Given a functional $S: H \to \mathbb{R}$ on some Banach space $H$, we are often interested in critical points of $S$ (physically this corresponds to Fermat's principle of least time or the principle of least action; in mathematics we are also interested in area minimizing surfaces or length minimizing curves). In all of those cases, we do what we do in freshman calculus: the critical point is where the derivative of $S$ vanishes.
Now, let $H$ be a space of functions defined on some domain $\Omega$ vanishing on the boundary $\partial\Omega$, and let the functional
$$ S[u] = \int_{\Omega} \mathcal{S(x,u,\nabla u)} \mathrm{d}x $$
for some function $\mathcal{S}$. By definition of the derivative, we want that for any function $v\in H$,
$$ S'[u]\cdot v = \lim_{t\to 0} \frac{S[u+tv] - S[u]}{t} = 0 $$
Doing a Taylor expansion on $S$ we have that
$$ \mathcal{S}(x,u+tv, \partial u + t \nabla v) = \mathcal{S}(x,u,\nabla u) + \left(\frac{\partial}{\partial u}\mathcal{S}\right)(x,u,\nabla u) \cdot tv + \left(\frac{\partial}{\partial \nabla u}\mathcal{S}\right)(x,u,\nabla u)\cdot t\nabla v + O(t^2)$$
which gives
$$S'[u]\cdot v = \int_\Omega \frac{\partial\mathcal{S}}{\partial u} v + \frac{\partial\mathcal{S}}{\partial\nabla u}\cdot \nabla v \mathrm{d}x $$
Integrating the last term by parts we get
$$ S'[u] \cdot v = \int_\Omega \left( \frac{\partial\mathcal{S}}{\partial u} - \nabla\cdot \frac{\partial \mathcal{S}}{\partial \nabla u}\right) v \mathrm{d}x $$
Since $S'[u]\cdot v = 0$ is supposed to hold for all $v\in H$ (when $u$ is a critical point), this requires that
$$ \frac{\partial\mathcal{S}}{\partial u}(x,u,\nabla u) - \nabla\cdot \left(\frac{\partial \mathcal{S}}{\partial \nabla u}(x,u,\nabla u)\right) = 0$$
The above expression is known as the Euler-Lagrange Equation associated to the functional $S$.

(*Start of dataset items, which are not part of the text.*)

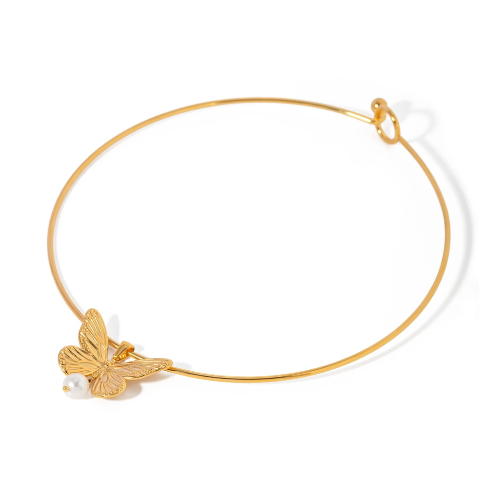 Elegant 18K PVD Plated Butterfly Pearl Pendant Choker Necklace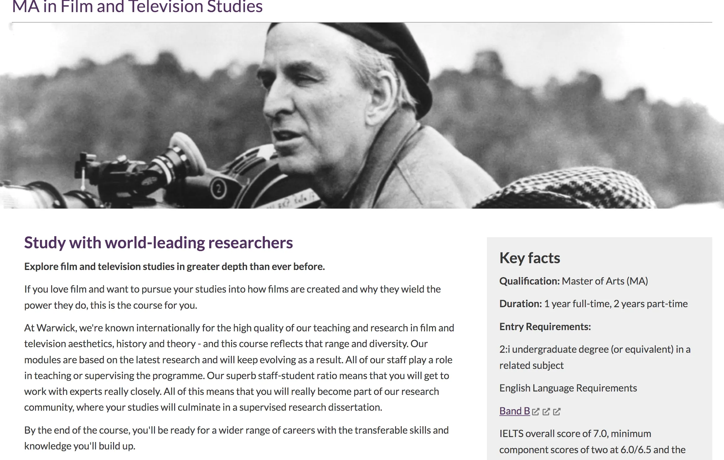 在华威,以电影和电视美学,历史和理论方面的高质量教学和研究而闻名于世。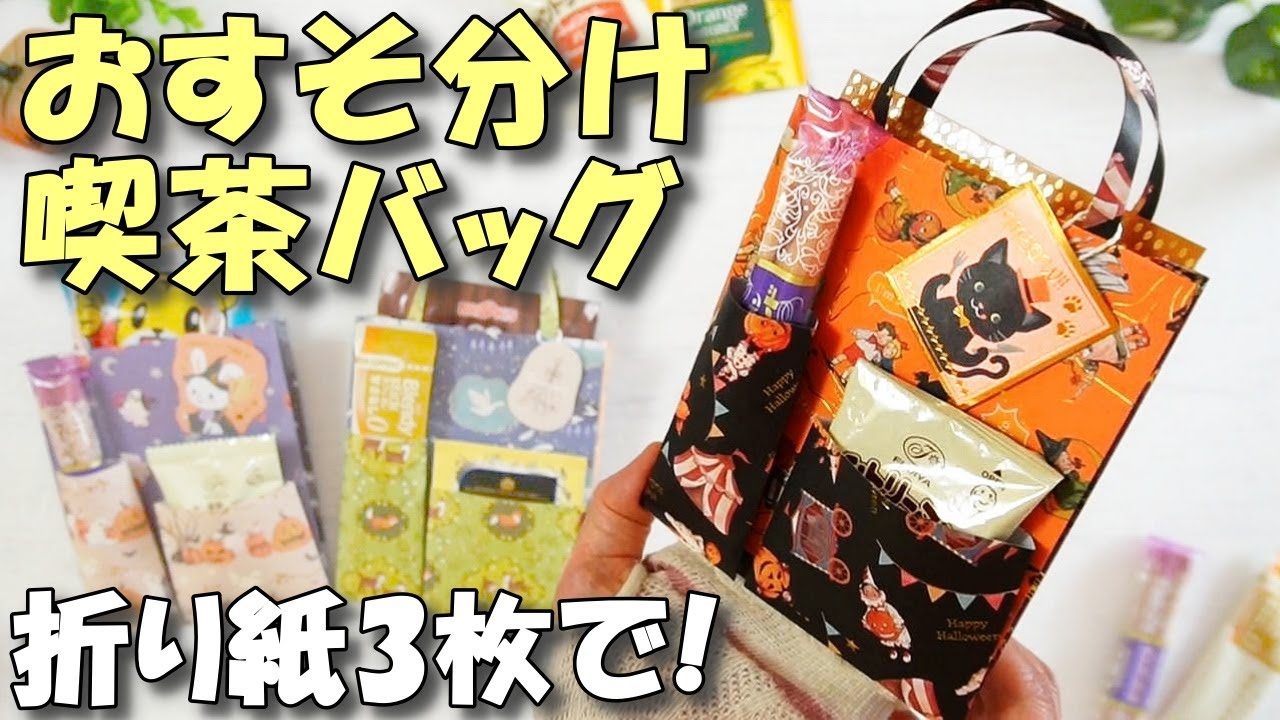 説明文折り紙で作るギフトバッグの作り方動画です。100均デザペ折り紙3枚で簡単な3ポケットおすそ分け喫茶バッグを手作りします。ハロウィンのお菓子やコーヒー、紅茶を詰めてかわいいプレゼントに。メインの手提げ袋...
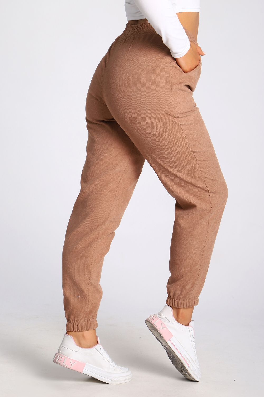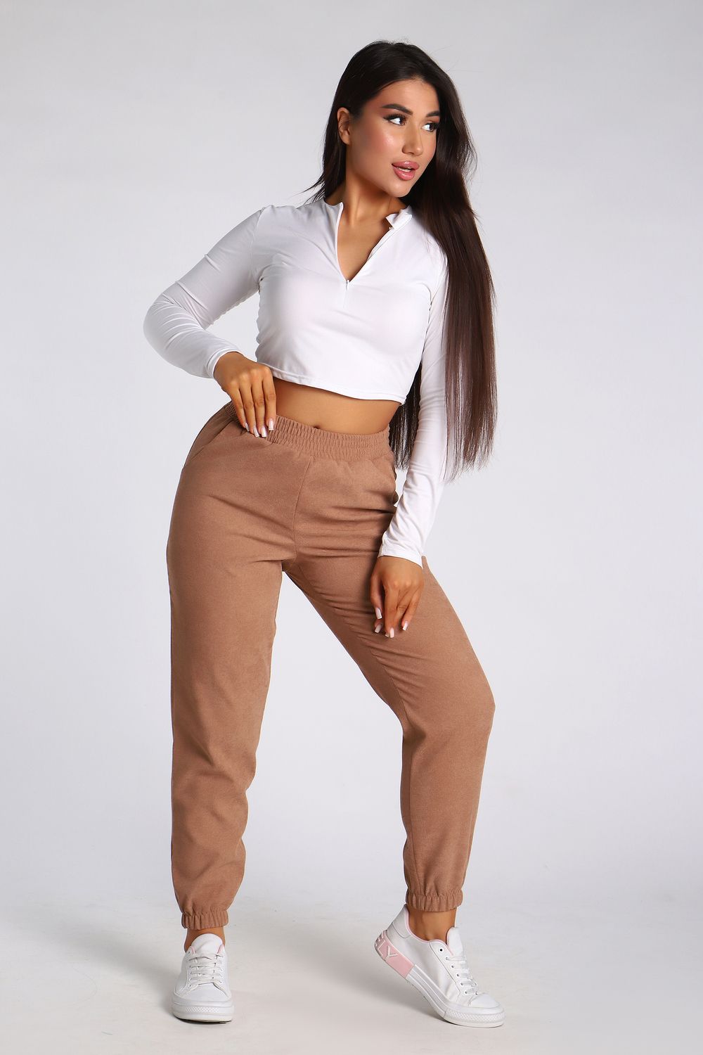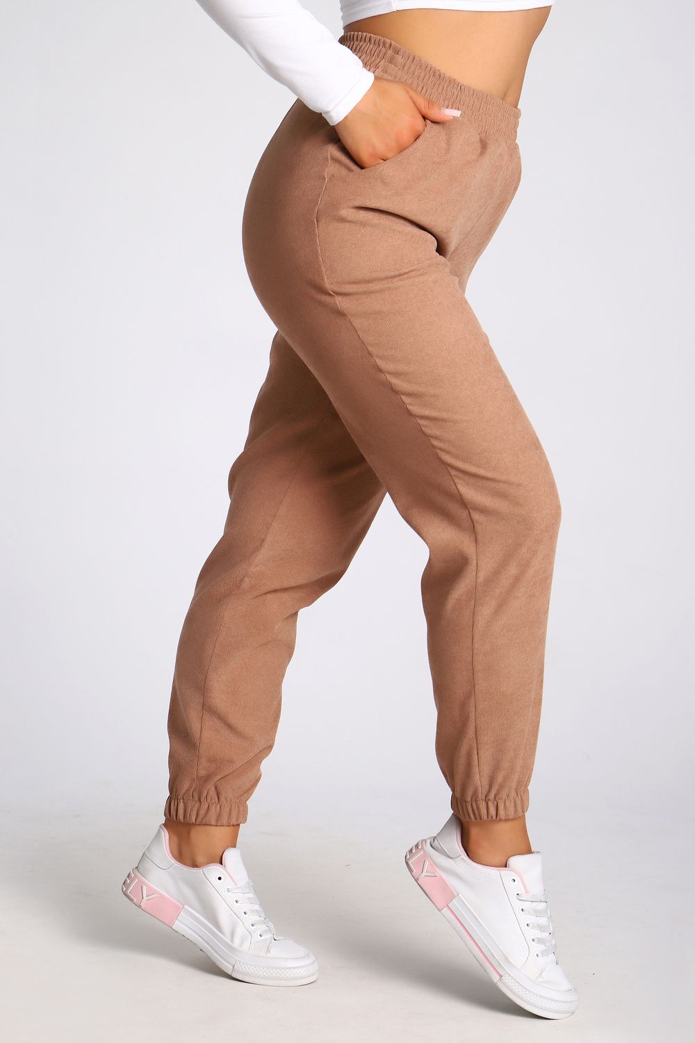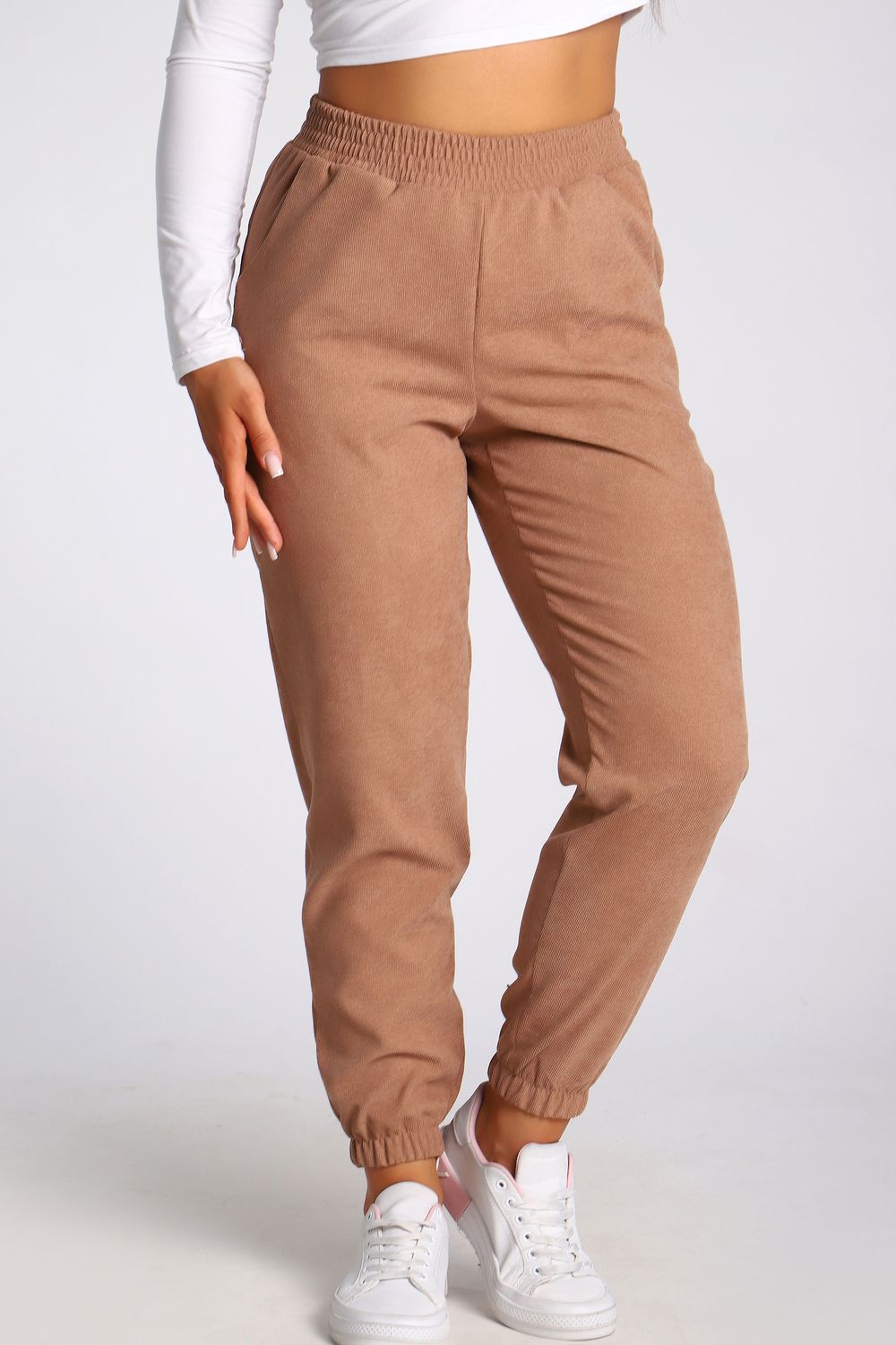Удобные повседневные брюки-джоггеры из микровельвета. Подойдут для работы, прогулок, встреч с друзьями. Модель хорошо смотрится со спортивной обувью .Ткань микровельвет отличается практичностью: она не мнется, не электризуется, проста в уходе. Брюки прямого кроя, слегка зауженные, внизу собраны на резинку шириной 3см. Широкий пояс на резинке, простроченный на спецмашине, обеспечит удобство в носке. Высокая посадка, по бокам внутренние карманы. В замерах обхват талии соответствует длине резинки в растянутом виде.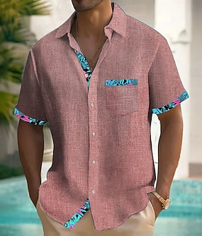 Herren Tropische Pflanzen Leinenhemd Sommer Hawaiihemd Knopfhemd Kurzarm Hawaiianisch Resort Urlaub Ferien Strandbekleidung Sommer Frühling Umlegekragen Hemden mit Kragen Eine Tasche vorne Rosa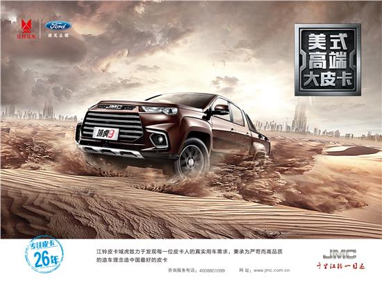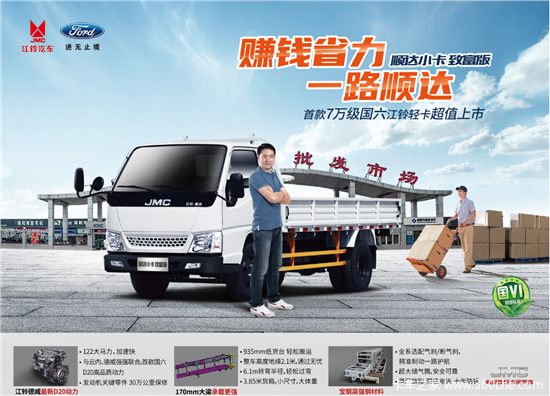 公司构建了遍布全国的强大营销网络,公司拥有三大品牌,福特品牌、JMC品牌以及驭胜品牌。福特 “新世代全顺”、JMC轻卡“凯运”、“凯锐”、“顺达”、JMC皮卡“宝典”、“域虎”等,这些产品已成为节能、实用、环保汽车的典范。江铃近几年来投入巨资充实原有的产品线,福特“撼路者”、福特“途睿欧”、“新全顺”物流车、全新驭胜S350、驭胜S330等新品陆续重磅上市,江铃重卡新品磅礴而出。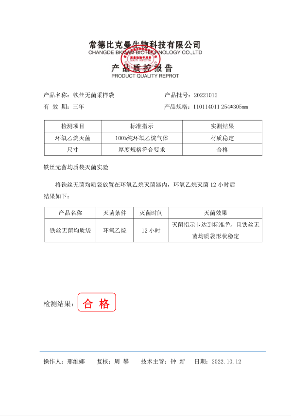 110114011 比克曼生物 鐵絲無(wú)菌采樣袋 254x305 (帶書寫區(qū)域) 50個(gè)裝 20221012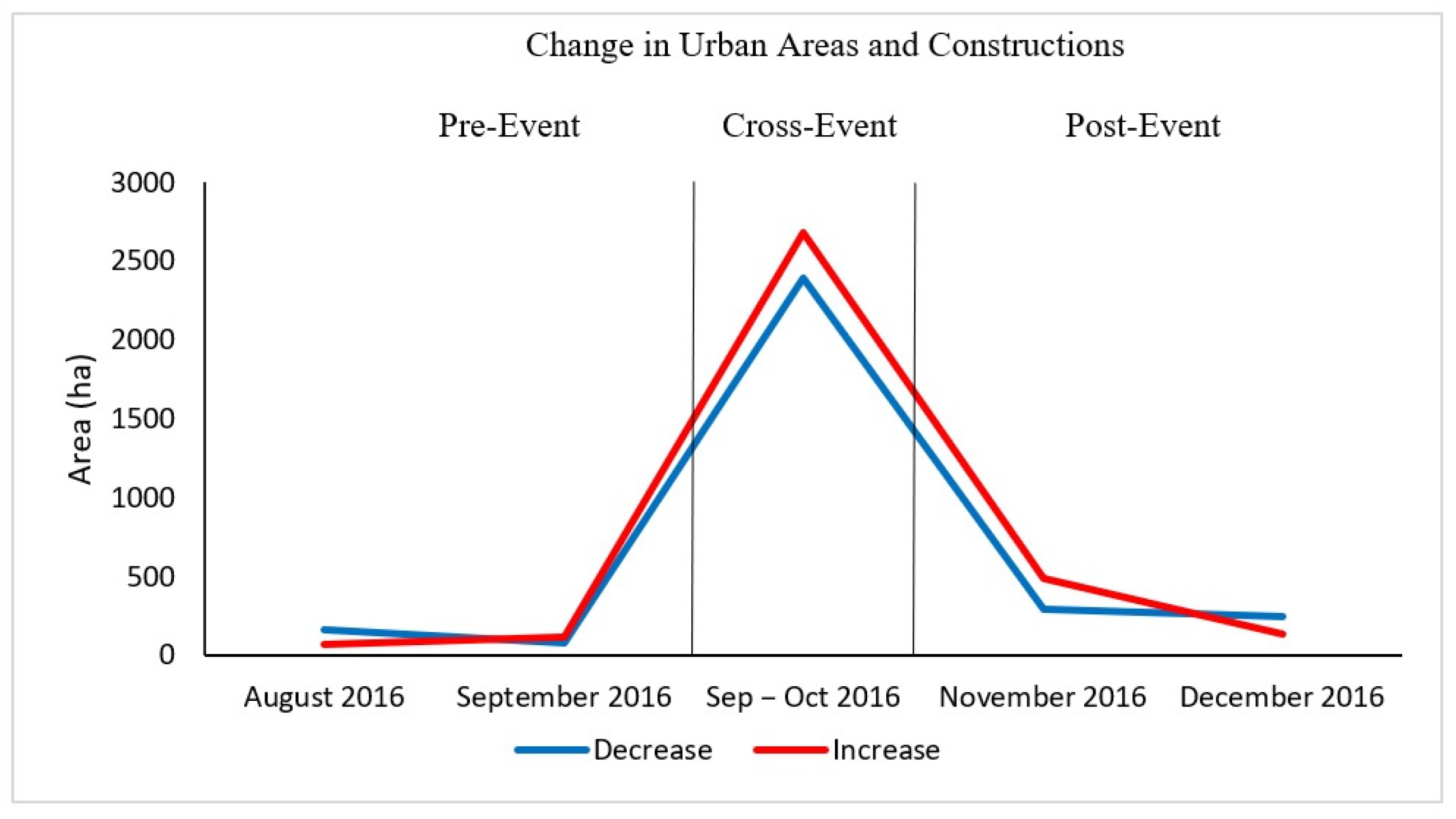 Temporal distribution of increasing (red) or decreasing (blue) changes in radar backscatter in Sentinel-1 image pairs over the built-up area of south-western Haiti that were hit by the hurricane from the pre-event up to December 2016. Area values are intentionally displayed in hectares due to the scale of the affected areas.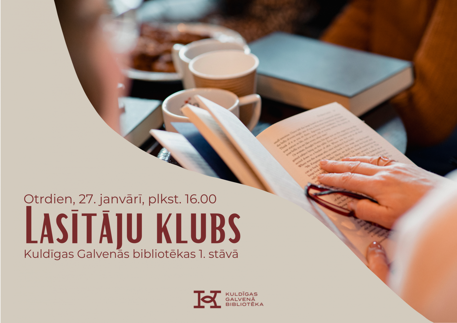 Otrdien, 27. janvārī, plkst. 16.00 Kuldīgas Galvenās bibliotēkas 1. stāvā notiks Lasītāju kluba tikšanās.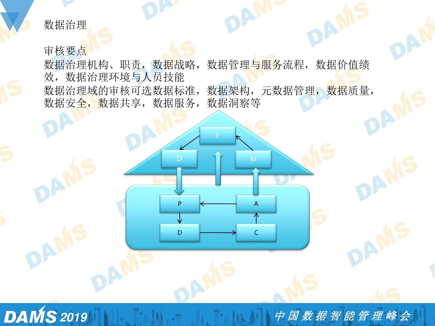 21 .数据治理 审核要点 数据治理机构、职责,数据战略,数据管理与服务流程,数据价值绩 效,数据治理环境与人员技能 数据治理域的审核可选数据标准,数据架构,元数据管理,数据质量, 数据安全,数据共享,数据服务,数据洞察等 E D M P A D C 2019 中国数据智能管理峰会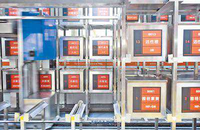3月14日,机器人将纤维产品存入立体仓库。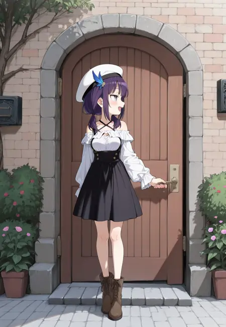 (girl at the entrance:1.2),standing ,full body, opening the door,hand on door,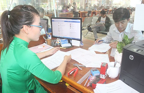 Cán bộ “một cửa” HĐND - UBND thị xã Bến Cát giải quyết thủ tục hành chính cho người dân. |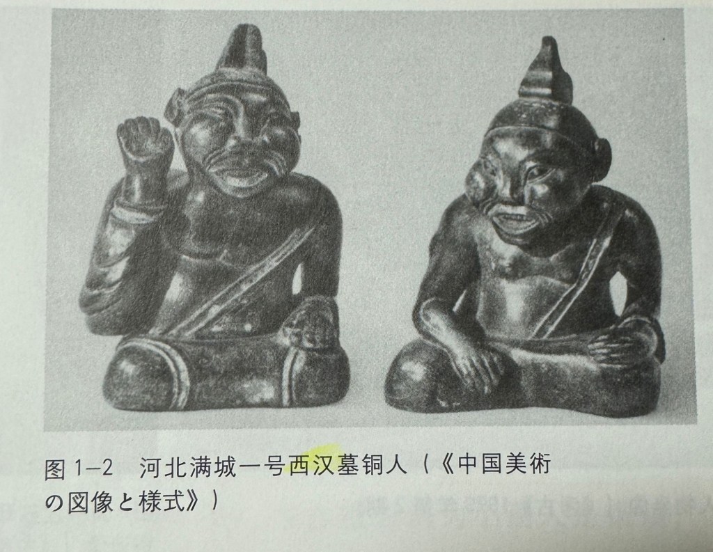 六朝佛教做像一書卻指出,原來在西漢已有小銅人與佛像特征十分相似:肉髻、𥘵右肩衣服及右手上舉,衣着方面卻是袾菟羅式的。在貴霜時期犍陀羅及祩菟羅差不多是同時開始做佛像,只不過犍陀羅影響大很多。𧙕菟羅很少佛像傳世。一些學者認為其實真要比較,祩菟羅可能更早一些。所以有機會袾菟羅的佛像一早傳入西漢,但數量少。到稍後的東漢,犍陀羅外做像便大行其道. 西漢小銅人👇

You see that in some sense, what you have done in computing the Euler Lagrange equation is computed the "gradient" of the functional $S$. And so, what you asked in part (a), that of finding an energy functional given an equation, is the opposite of this process, and hence very similar to finding the "antiderivative" of the equation.
The way to do this is by learning about rules which you can derive by inference after having done some of these computations. Many of these rules have direct analogue in calculus. Some examples:
- If $\mathcal{S}$ contains a term $|u|^p$, where $p \geq 2$, then the Euler Lagrange equation contains a term $p |u|^{p-2} u$.
- If $\mathcal{S}$ contains a term $|\nabla u|^2$, then the Euler Lagrange equation contains a term $-2 \triangle u$.
- If $\mathcal{S}$ contains a term $F(u)$, where $F$ is a real/complex valued functions of one variable, then the Euler Lagrange equation contains a term $F'(u)$.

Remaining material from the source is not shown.